Gonadotropin-mediated inhibition of proteolytic enzymes produced by human trophoblast in culture.

作者信息

Milwidsky A, Finci-Yeheskel Z, Yagel S, Mayer M

机构信息

Department of Obstetrics and Gynecology, Hadassah Hospital Mount Scopus, Jerusalem, Israel.

出版信息

J Clin Endocrinol Metab. 1993 May;76(5):1101-5. doi: 10.1210/jcem.76.5.7684389.

Abstract

We investigated the effect of gonadotropins on protease that were suggested to be implicated in the invasive activity of the trophoblast. hCG levels ranging from 10 x 10(3) to 333 x 10(3) IU/L produced a dose-dependent inhibition of the in vitro globinolytic activity of the purified proteases trypsin, chymotrypsin, and urokinase, but failed to inhibit plasmin, collagenase, elastase, and tissue-type plasminogen activator. Likewise, FSH inhibited purified trypsin and urokinase, but not plasmin or tissue-type plasminogen activator. Culture medium conditioned with human trophoblast displayed serine protease and urokinase-like activities; exposure of the cultured trophoblast to exogenous hCG markedly suppressed serine protease and urokinase activities in the conditioned medium. A short treatment of the conditioned medium with trypsin abolished the hCG-mediated inhibition of urokinase activity. The present findings offer an explanation for earlier observations that hCG reduced collagenase activity in trophoblasts without affecting the level of collagenase-specific mRNA. The present results are also consistent with the concept that hCG, by its direct ability to inhibit certain serine proteases and urokinase in trophoblast, suppresses a protease-mediated conversion of procollagenase to active collagenase.
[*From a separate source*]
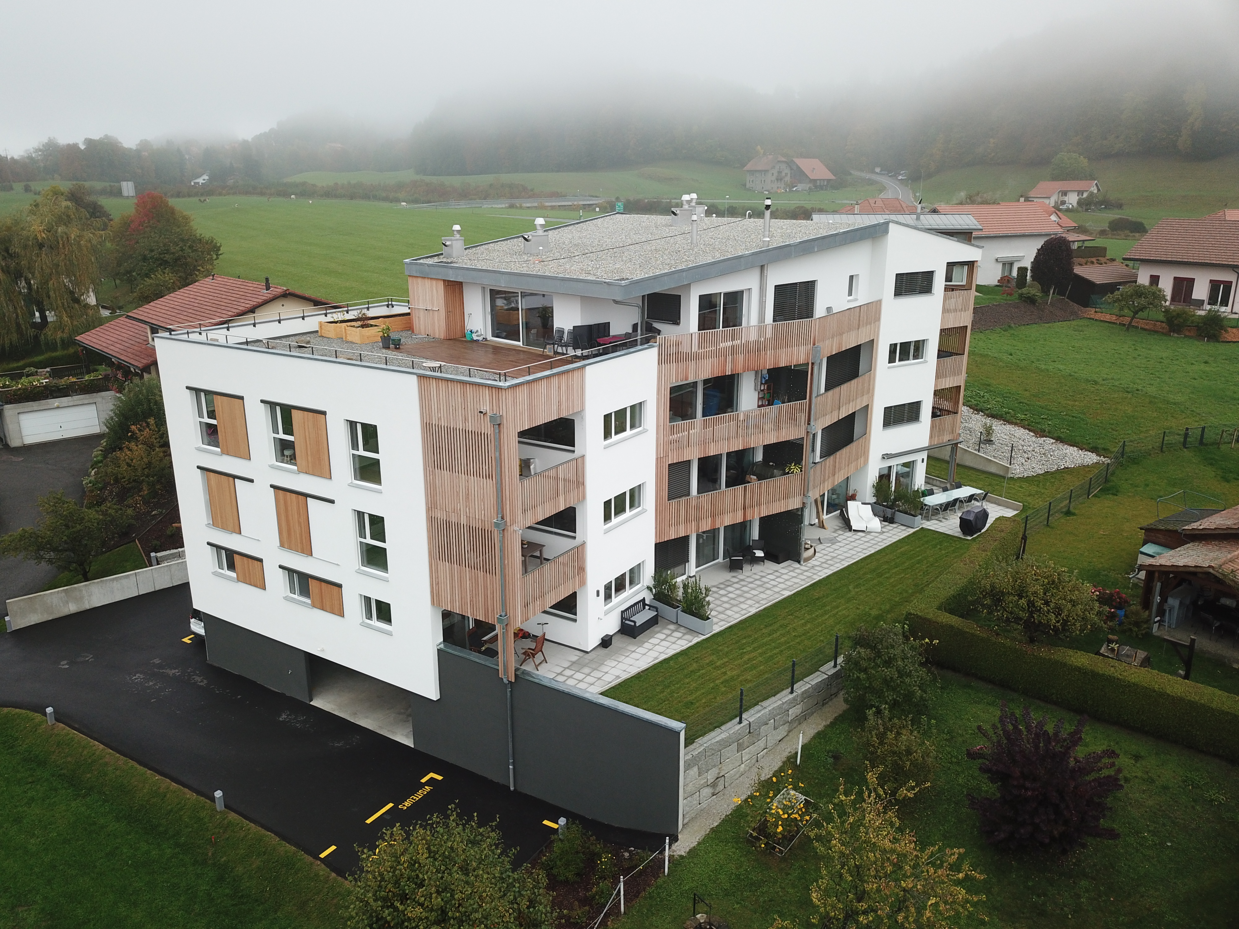 Ensemble de 4 immeubles certifiés Minergie à la sortie d’Attalens. Minergie / Immeuble PPE / 63 appartements

The ability of hCG to prevent initiation of the collagenolytic cascade suggests that gonadotropins may regulate the transient invasive activity of the trophoblast.

摘要

我们研究了促性腺激素对蛋白酶的影响,这些蛋白酶被认为与滋养层细胞的侵袭活性有关。人绒毛膜促性腺激素(hCG)水平在10×10³至333×10³IU/L范围内,对纯化的蛋白酶胰蛋白酶、糜蛋白酶和尿激酶的体外球蛋白水解活性产生了剂量依赖性抑制,但未能抑制纤溶酶、胶原酶、弹性蛋白酶和组织型纤溶酶原激活剂。同样,促卵泡激素(FSH)抑制纯化的胰蛋白酶和尿激酶,但不抑制纤溶酶或组织型纤溶酶原激活剂。用人滋养层细胞条件培养液显示出丝氨酸蛋白酶和尿激酶样活性;将培养的滋养层细胞暴露于外源性hCG可显著抑制条件培养液中的丝氨酸蛋白酶和尿激酶活性。用胰蛋白酶对条件培养液进行短暂处理可消除hCG介导的尿激酶活性抑制。本研究结果为早期观察到的hCG降低滋养层细胞中胶原酶活性而不影响胶原酶特异性mRNA水平提供了解释。本研究结果也与以下概念一致,即hCG通过其直接抑制滋养层细胞中某些丝氨酸蛋白酶和尿激酶的能力,抑制蛋白酶介导的前胶原酶向活性胶原酶的转化。hCG阻止胶原溶解级联反应启动的能力表明,促性腺激素可能调节滋养层细胞的短暂侵袭活性。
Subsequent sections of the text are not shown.